Decoupling and Damping: Structurally-Regularized Gradient Matching for Multimodal Graph Condensation
This addresses a domain-specific problem for researchers and practitioners in multimodal graph learning by improving condensation efficiency, though it is incremental as it builds on existing gradient matching methods.
The paper tackled the computational bottleneck in multimodal graph learning by proposing Structural Regularized Gradient Matching (SR-GM), which achieved state-of-the-art performance on four datasets through gradient decoupling and structural damping to reduce gradient conflicts and noise.

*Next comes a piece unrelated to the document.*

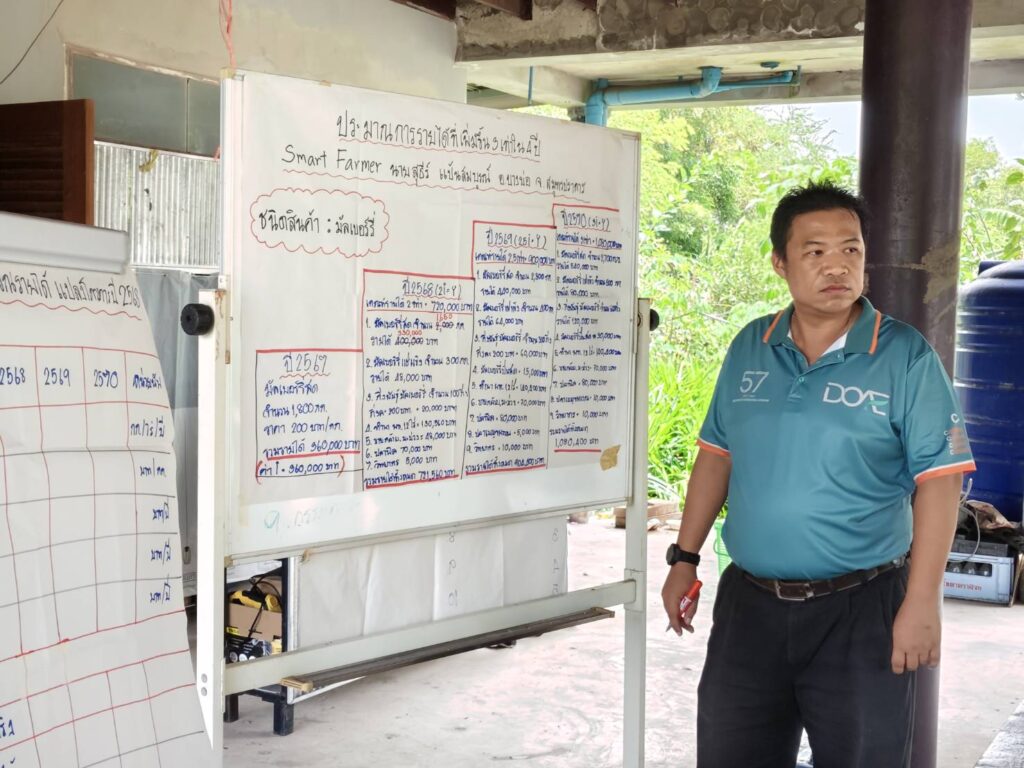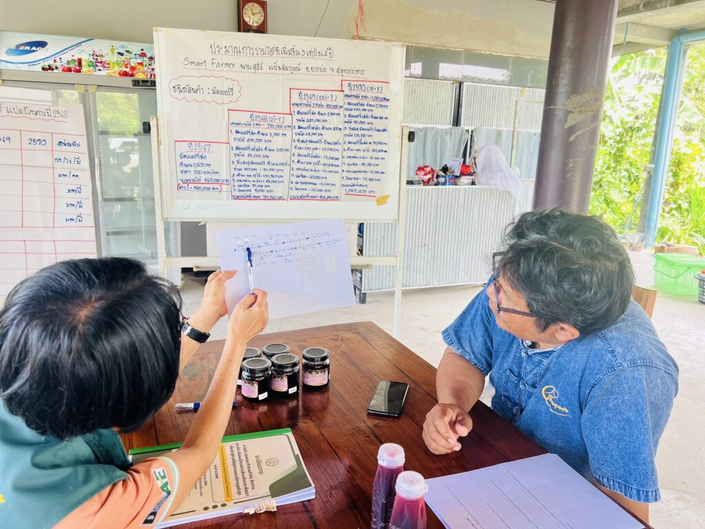วันที่ 14 สิงหาคม 2568 สำนักงานเกษตรจังหวัดสมุทรปราการ ร่วมกับสำนักงานเกษตรอำเภอบางบ่อ ลงพื้นที่ถอดบทเรียนเกษตรกรผู้เข้าร่วมโครงการส่งเสริมและพัฒนาเพื่อเข้าสู่ห่วงโซ่อุปทานและบริการมูลค่าสูง ปี 2568 มีวัตถุประสงค์เพื่อเก็บข้อมูลถอดบทเรียนนายสุธีร์ แป้นสมบูรณ์ เกษตรกรผู้เข้าร่วมโครงการฯ ข้อมูลถานการณ์ด้านการผลิต การตลาด ผลผลิตที่ออกจำหน่าย การวางแผนการผลิตและตลาด และให้คำเเนะนำสำหรับการพัฒนาสินค้าเพื่อเพิ่มมูลค่าสินค้าสร้างรายได้ ณ หมู่ที่ 4 ตำบลคลองสวน อำเภอบางบ่อ จังหวัดสมุทรปราการ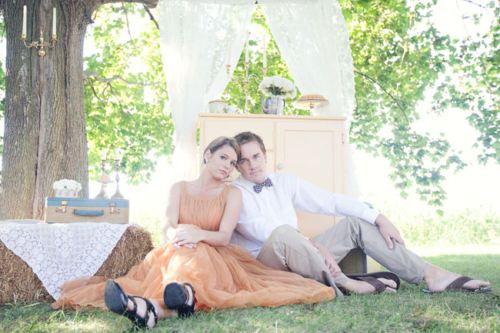 We love vintage, so when we came across this vintage engagement session we had to share it with you all! Jenny Haas did a fabulous job capturing Natalie and Ked! Natalie and Ked have the cutest outfits! Love the bow-tie! We can’t get enough of furniture outside! This dresser really brings the shoot to a whole new level of cuteness! What a gorgeous umbrella! We want one! LOVE these red shoes! Wonder if they come in our size…? Thanks Jenny Haas for sharing this with us!Gallery

In multimodal graph learning, graph structures that integrate information from multiple sources, such as vision and text, can more comprehensively model complex entity relationships. However, the continuous growth of their data scale poses a significant computational bottleneck for training. Graph condensation methods provide a feasible path forward by synthesizing compact and representative datasets. Nevertheless, existing condensation approaches generally suffer from performance limitations in multimodal scenarios, mainly due to two reasons: (1) semantic misalignment between different modalities leads to gradient conflicts; (2) the message-passing mechanism of graph neural networks further structurally amplifies such gradient noise. Based on this, we propose Structural Regularized Gradient Matching (SR-GM), a condensation framework for multimodal graphs. This method alleviates gradient conflicts between modalities through a gradient decoupling mechanism and introduces a structural damping regularizer to suppress the propagation of gradient noise in the topology, thereby transforming the graph structure from a noise amplifier into a training stabilizer. Extensive experiments on four multimodal graph datasets demonstrate the effectiveness of SR-GM, highlighting its state-of-the-art performance and cross-architecture generalization capabilities in multimodal graph dataset condensation.